Она стояла у реанимационного стола, склонившись над крошечным телом, таким синим, что у неё внутри всё сжалось в холодный ком.

— Ну давай, — сказала она тихо. — Давай, мой хороший. Не начинай знакомство с миром с хамства. Тут и без тебя хватает невоспитанных.

Медсестра Инга, стоявшая рядом, даже не подняла бровь. За пятнадцать лет совместных дежурств она привыкла: если Амелия начинает разговаривать с новорождённым как с упрямым пенсионером в очереди к терапевту — значит, всё плохо.

За стеклом родильного бокса метались тени. Где-то плакала женщина. Где-то ругался анестезиолог. Аппарат пищал с мерзким, тонким, настойчивым звуком, от которого хотелось выдернуть провод не из стены, а прямо из вселенной.

— Сатурация? — спросила Амелия.

— Падает, — ответила Инга.

— Спасибо, я обожаю хорошие новости. Особенно когда они приходят строем и бьют меня табуреткой по голове.

Её голос был сухой, хриплый, но руки не дрожали.

Руки у Амелии вообще никогда не дрожали в работе. Потом — да.
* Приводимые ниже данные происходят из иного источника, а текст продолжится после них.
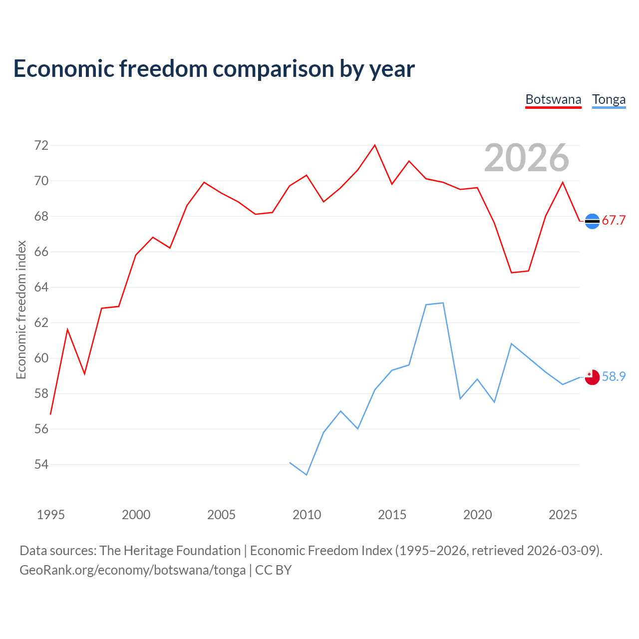 The Economic Freedom Index for Botswana is 67.7, ranking 53/197, compared to 58.9 for Tonga, ranking 107/197. The chart above displays a comparison of annual changes in economic freedom indexes.

Потом, когда всё заканчивалось, когда ребёнок начинал дышать или уже не начинал, когда мать переводили в палату, когда родные благодарили или обвиняли, когда в коридоре можно было прижаться лбом к холодной стене и закрыть глаза на десять секунд, — тогда руки могли предательски затрястись.

Но не сейчас.

Сейчас она была собрана до последнего нерва.

Белый свет ламп бил по лицу. В воздухе стоял густой запах антисептика, крови, тёплого пластика, лекарства и человеческого страха. Пол был влажный, на металлической стойке дребезжала упаковка, халат лип к спине. За окном уже серело утро, хотя Амелия не помнила, когда закончилась предыдущая ночь и началась эта.

— Ещё раз, — сказала она.

Инга подала всё без лишних слов.

Маленькая грудная клетка едва заметно поднялась. Потом снова провалилась в тишину.

Амелия стиснула зубы.

— Нет, милый. Так мы не договаривались. Я сюда не для красоты пришла. Хотя, конечно, жаль. Красота у меня сегодня особенно выразительная: мешки под глазами, волосы как у ведьмы после налоговой проверки и характер как у голодной гиены.

— Характер у тебя всегда такой, — пробормотала Инга.

— Не льсти мне. Сегодня я добрая.

В углу кто-то нервно всхлипнул. Молодой врач-ординатор, бледный, высокий, с лицом человека, который только что понял, что учебники писали садисты и оптимисты.

Амелия даже не повернула головы.

— Если сейчас упадёте в обморок, — сказала она ему, — я лично поставлю вас в угол, а потом заставлю писать объяснительную ребёнку. На тему: «Почему я решил быть мебелью в ответственный момент».

— Я не…

— Вот и чудесно. Тогда стойте и учитесь. Молчать тоже полезный навык. Особенно для врача.

Инга коротко фыркнула.

И именно в этот момент малыш дернулся.

Не сильно. Едва заметно.

Но Амелия увидела.

— Вот, — прошептала она. — Вот так. Давай. Давай, маленький упрямец.

Секунда.

Вторая.

Третья.

А потом ребёнок вдохнул.

Хрипло. Тяжело. Так, будто воздух был не воздухом, а битым стеклом.

И закричал.

Крик был слабый, неровный, обиженный на весь мир. Прекрасный крик. Самый прекрасный звук из всех, что существовали на земле.

Амелия закрыла глаза всего на одно мгновение.

— Молодец, — сказала она. — Вот теперь можешь жаловаться. Имеешь право.

Инга выдохнула так, будто сама всё это время не дышала.

— Живой.

— Я заметила, — Амелия осторожно провела пальцем по крошечной пятке. — Он меня уже ненавидит. Хорошее начало. Значит, силы есть.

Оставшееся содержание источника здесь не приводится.